Lizzie Borden subsequently moved (with her older sister, Emma, from whom she eventually became estranged) to another house in Fall River, this one on more fashionable French Street. Following gallbladder surgery, Lizzie died on June 1, 1927. She was 66 years old.

Today, the house where Andrew Borden and his second wife, Abby, met their bloody ends operates as a bed and breakfast as well as a museum. The story of their long-ago homicides has been the inspiration for many novels (among them 1984’s Lizzie, by Evan Hunter [aka Ed McBain], and 1989’s Miss Lizzie, by Walter Satterthwait) as well as television dramatizations (including the haunting 1975 film The Legend of Lizzie Borden, which starred former Bewitched actress Elizabeth Montgomery--who was reportedly related to Lizzie--and can be viewed in its 90-minute entirety here). But those events of August 1892 may be best remembered as a result of a familiar skipping-rope rhyme of now-forgotten origin:
Lizzie Borden took an axe
And gave her mother forty whacks.
When she saw what she had done
She gave her father forty-one.
The likelihood of the Borden murders ever being moved from the “active” into the “solved” files ranks right up there with the chances of someone finally unmasking notorious Jack the Ripper. But that’s OK. Some mysteries are best left as just that: mysteries.

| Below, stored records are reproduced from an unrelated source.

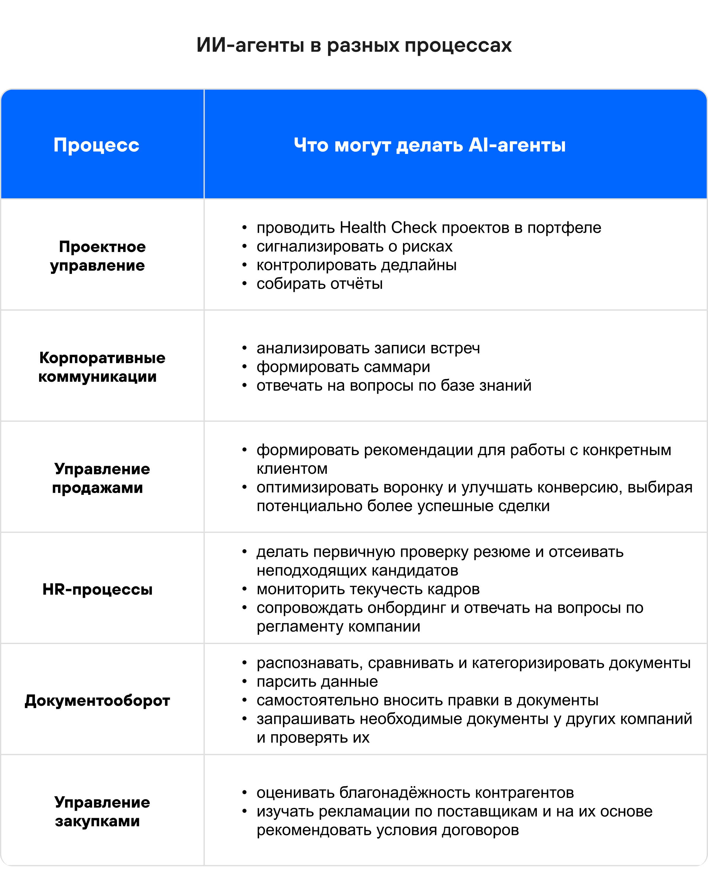 Давайте рассмотрим несколько примеров возможностей ИИ-агентов в разных бизнес-процессах, которые может настроить команда «Первой Формы»: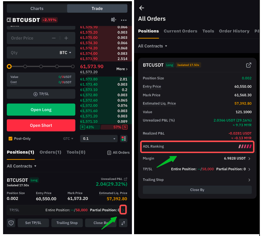 レバレッジの高いポジションを部分的に決済することで、ADLリスクにさらされる契約数を減らすことができます。ただし、ADLランキングが下がるわけではありません。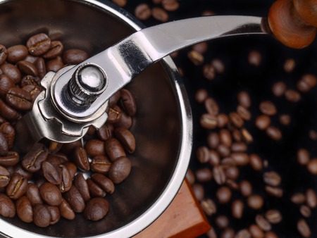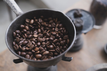 coffee beans in grinder, vintage style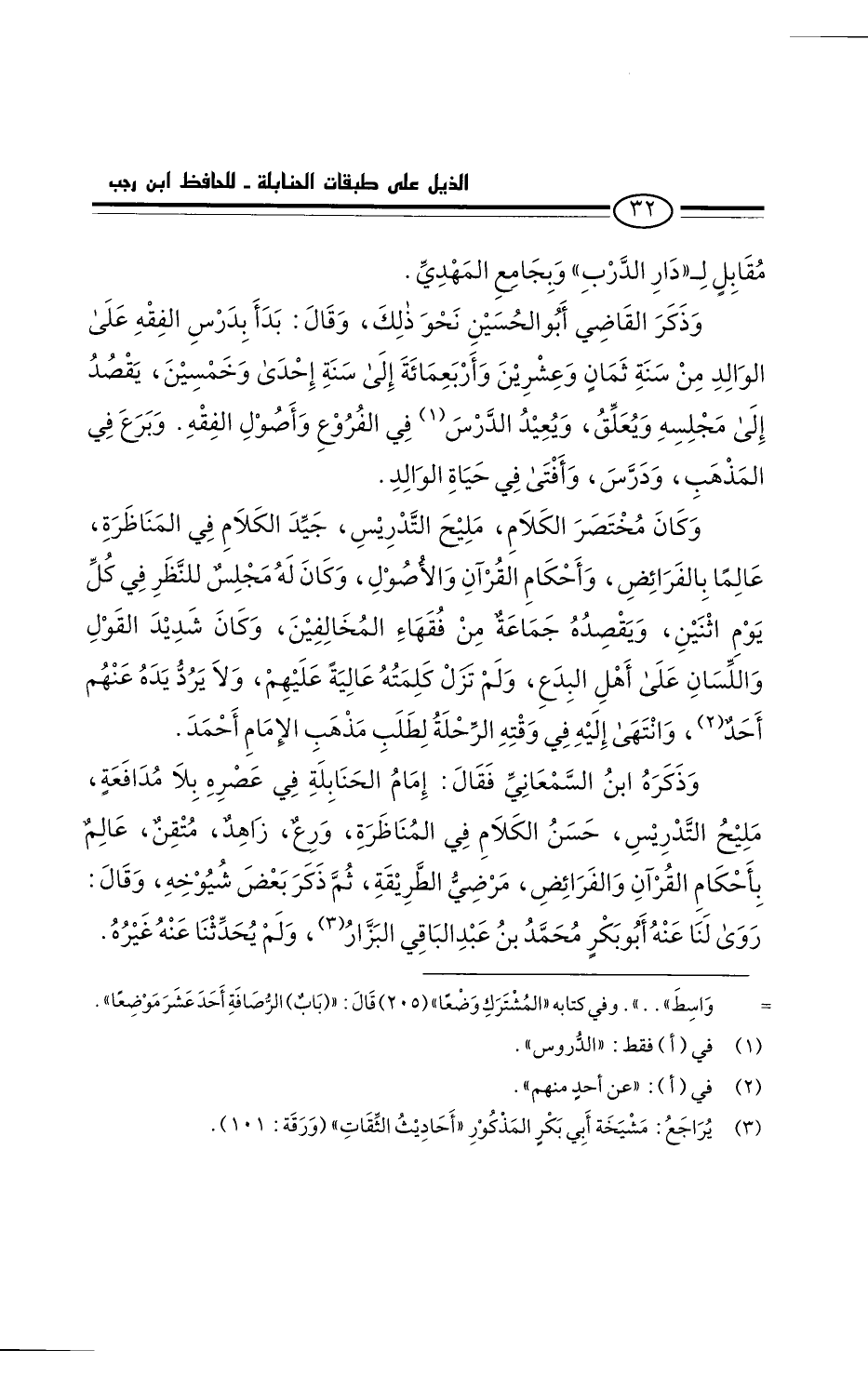 وكان مختصر الكلام، مليح التَّدريس، جيد الكلام في المناظرة، عالما بالفرائضِ، وأحكام القراَن والأصول. وكان له مجلسٌ للنظر في كل يوم اثنين ويقصده جماعة من فقهاء المخالفين. وكان شديد القول واللسان على أهل البدع ولم تزل كلمته عالية عليهم، ولا يَردُّ يَده عنهم أحد. وانتهى إليه في وَقتهِ الرحلة لطلب مذهب الإمام أحمد.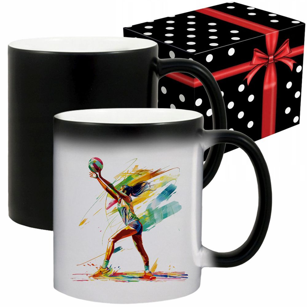 Kolor: czarny (na zimno), po zalaniu gorącym napojem pojawia się grafika, po ostygnięciu grafika znika kubek wraca do koloru czarnego.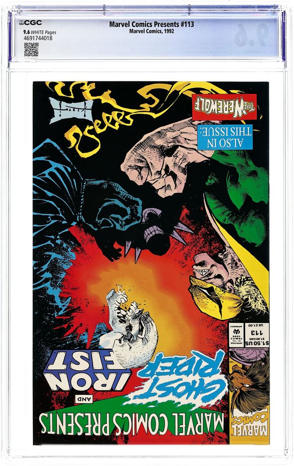 Newsstand Edition. Cover art by George Pratt. Rumble In The Jungle Part 1 starring Wolverine, script by Erik Larsen and Chris Marrinan, pencils by Chris Marrinan, inks by Mike Machlan. Giant Trouble starring Ant-Man, script by Barry Dutter, pencils by Patrick Archibald, inks by Brad Vancata. Fellow Travelers Part 1: Rage of Honor starring Ghost Rider, script by Len Kaminski, pencils by Reggie Jones (Breakdowns), inks by Fred Harper (Finishes). The Highwayman Comes Riding starring Iron Fist, script by Joey Cavalieri, pencils by James Blackburn. 36 pgs. Cover price $1.50.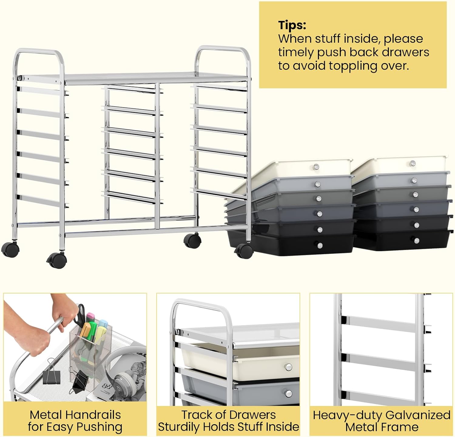 - [Easy Assembly & Maintenance]: The drawer cart on wheels comes with detailed instructions and complete accessories for easy assembly. The smooth surface is easy to clean by wiping with a damp cloth.

READ MORE:The Borden Murders, 120 Years Unsolved,” by Robert Wilhelm (Murder by Gaslight): “Ax Lizzie for the Tour,” by Katherine Ramsland (Psychology Today).

2 comments:

Jerry House said...

Also check out Edgar Lustgarten's VERDICT IN DISPUTE (available at Internet Archive), which has a section on Lizzie Borden.

Mike Doran said...

Surprised you didn't mention the famous musical version from Leonard Sillman's New Faces revue (can't recall which year *darndarndarndarndarn*).

Oh you can't chop your papa up in Massachusetts
And then get dressed and go out for a walk
Oh you can't chop your papa up in Massachusetts
Massachusetts is a far cry from New York!


I think I'll be checking YouTube ...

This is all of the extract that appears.